From: "Ævar Arnfjörð Bjarmason" <avarab@gmail.com>
To: git@vger.kernel.org
Cc: "Junio C Hamano" <gitster@pobox.com>,
"Emily Shaffer" <emilyshaffer@google.com>,
"Taylor Blau" <me@ttaylorr.com>,
"Eric Sunshine" <sunshine@sunshineco.com>,
"Ævar Arnfjörð Bjarmason" <avarab@gmail.com>
Subject: [PATCH v2 0/6] tr2: plug memory leaks + logic errors + Win32 & Linux feature parity
Date: Thu, 26 Aug 2021 14:22:18 +0200 [thread overview]
Message-ID: <cover-v2-0.6-00000000000-20210826T121820Z-avarab@gmail.com> (raw)

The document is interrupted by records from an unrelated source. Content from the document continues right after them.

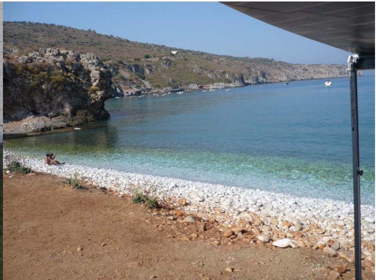
la spiaggia di Diros

25/8 ci dirigiamo verso Mistra , ma ci fermiamo al mare a Elos per essere a Mistra il 26/8 quando c'è la festa dell'estate. Troviamo una spiaggia dove è parcheggiato un camper tedesco; c'è la doccia e il bar e decidiamo di fermarci.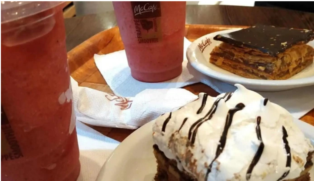
Mc cafe comidas y bebidas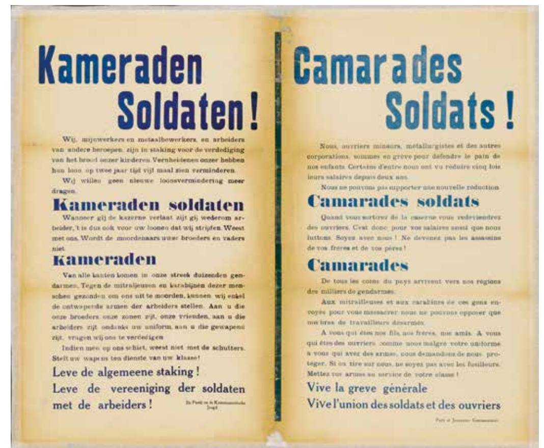
Affiche uitgegeven in 1932 door de Kommunistische Partij van België en de Kommunistische Jeugd van België voor solidariteit met de mijnwerkers in de Borinage.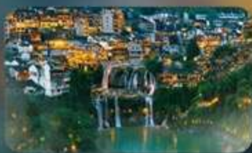
ฟูทงเจิ้น

In-Reply-To: <cover-0.6-00000000000-20210825T231400Z-avarab@gmail.com>
An early re-roll due to some very good & early review by Taylor Blau,
this also fixes the grammar/typo pointed out by Eric Sunshine. Thanks
both:
This should address all the comments Taylor brought up, and hopefully
a bit more. The only thing I left outstanding was the inclusion of the
"while we're at it" enum refactoring in 5/6. It's not necessary for
the end-state here, but I think since we're already reviewing most of
this file it makes sense to change it while we're at it to
future-proof the code vis-as-vis getting stricted checks from the
compiler.
Ævar Arnfjörð Bjarmason (6):
tr2: remove NEEDSWORK comment for "non-procfs" implementations
tr2: clarify TRACE2_PROCESS_INFO_EXIT comment under Linux
tr2: stop leaking "thread_name" memory
tr2: fix memory leak & logic error in 2f732bf15e6
tr2: do compiler enum check in trace2_collect_process_info()
tr2: log N parent process names on Linux
compat/linux/procinfo.c | 169 ++++++++++++++++++++++++++++++++++------
trace2/tr2_tls.c | 1 +
2 files changed, 146 insertions(+), 24 deletions(-)
Range-diff against v1:
1: 8c649ce3b49 = 1: 8c649ce3b49 tr2: remove NEEDSWORK comment for "non-procfs" implementations
2: 0150e3402a7 = 2: 0150e3402a7 tr2: clarify TRACE2_PROCESS_INFO_EXIT comment under Linux
3: 1fa1bbb6743 ! 3: 1d835d6767e tr2: stop leaking "thread_name" memory
@@ Commit message
Fix a memory leak introduced in ee4512ed481 (trace2: create new
combined trace facility, 2019-02-22), we were doing a free() of other
memory allocated in tr2tls_create_self(), but not the "thread_name"
- "strbuf strbuf".
+ "struct strbuf".
Signed-off-by: Ævar Arnfjörð Bjarmason <avarab@gmail.com>
4: 73e7d4eb6ac ! 4: 1aa0dbc394e tr2: fix memory leak & logic error in 2f732bf15e6
@@ Commit message
It was also using the strvec_push() API the wrong way. That API always
does an xstrdup(), so by detaching the strbuf here we'd leak
memory. Let's instead pass in our pointer for strvec_push() to
- xstrdup(), and then free our own strbuf.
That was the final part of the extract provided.